Schalten Sie nach dieser Zeit die Lichtquelle aus. Schalten Sie den Strahlblanker aus und nehmen Sie das Bild sofort auf. Verwenden Sie nach Möglichkeit einen automatischen Algorithmus, um die Probe nur für die Zeit verfügbar zu machen, die für die Aufnahme des Bildes benötigt wird.
Messen Sie sorgfältig die Elektronenbestrahlungszeit, um die Elektronendosis zu berechnen, die für die Bildgebung verwendet wird. Es wird ein bemerkenswerter Abbau der äußeren Zellschicht beobachtet, der durch die reaktiven Sauerstoffspezies verursacht wird, die durch leichtere Strahlung des Photosensibilisators nach einer Minute erzeugt werden. Eine weitere Lichtbeleuchtung machte die Veränderungen sichtbarer.
Richtige Beobachtungspunkte mit genügend Flüssigkeit können bei geringer Vergrößerung leicht gefunden werden, da diese Bereiche dunkler und verschwommen erscheinen. Die mit Flüssigkeit bedeckten Bakterien sind weniger sichtbar als die trockenen, können aber dennoch unterschieden werden. Es ist nützlich, die Flüssigkeitsgrenze während der Bildgebung zu betrachten, und ihre Bewegung kann leicht erkannt werden, was bedeutet, dass der gewählte Bereich ungeeignet und instabil sein könnte.

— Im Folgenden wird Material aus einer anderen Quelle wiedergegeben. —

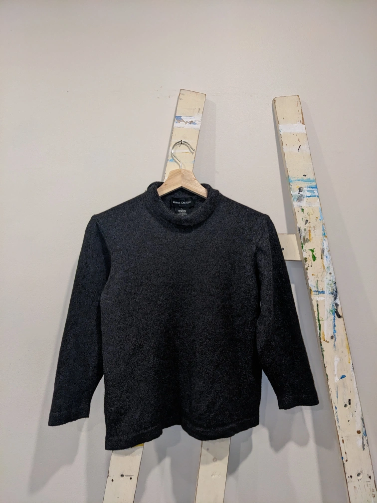 Really nice charcoal turtleneck with a bit of a cropped fit. No visible flaws. Tagged L, but has shrunk and now fits more like an S, perhaps a women's M? Measurements available!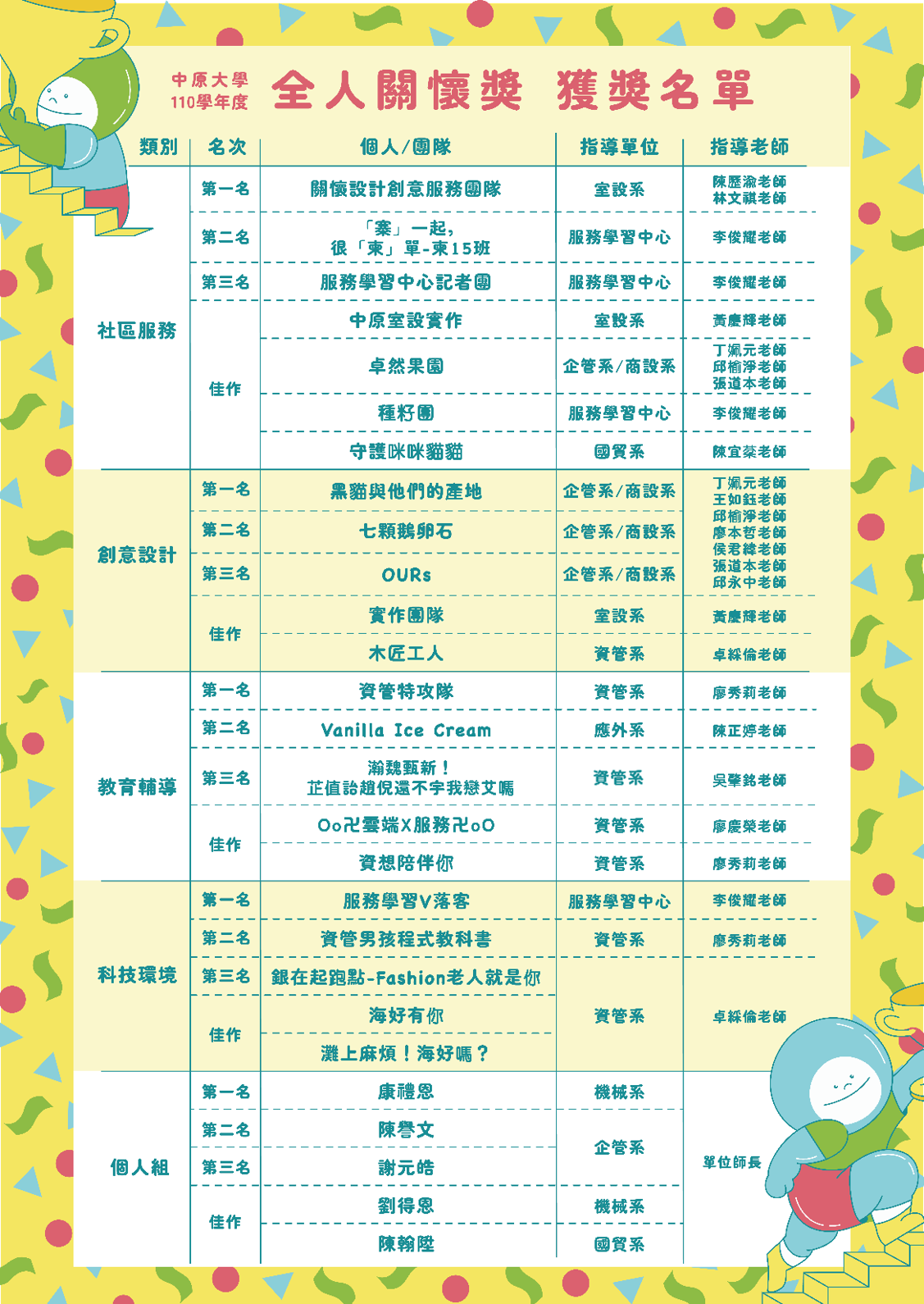 110學年度 2022-06-01 中原大學全人關懷獎 / 榮譽榜 You Might Also Like 113學年度 2025-08-18 112學年度 2024-06-27 111學年度 2023-08-01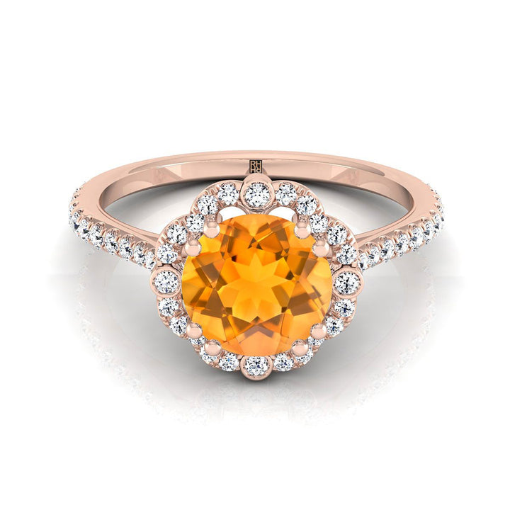 แหวนหมั้นแบบวินเทจประดับซิทรินทรงกลมเจียระไนแบบบริลเลียนต์สีโรสโกลด์ 14K พร้อมฮาโลเพชรประดับละเอียด 1/4 กะรัต

Ein weiteres Problem während der Beobachtungen ist die Verdunstung des Wassers und die Ausfällung der Lösung, die in zufälligen Bereichen der Probe auftreten kann, einschließlich der Bereiche um die Bakterien. Die Verkapselung von Bakterien kann auch mit Graphen- und Siliziumnitratmembranen durchgeführt werden. Die Probenvorbereitung ist schwieriger, aber die Stabilität der flüssigen Zelle wird besser sein.
Die vorgestellte Methode kann zur Beobachtung von lichtinduzierten Reaktionen an Flüssigkeiten verwendet werden. Zum Beispiel der Einfluss von Licht auf metallische Werkstoffe, lichtinduzierte Katalysatoren und photochemische Reaktionen.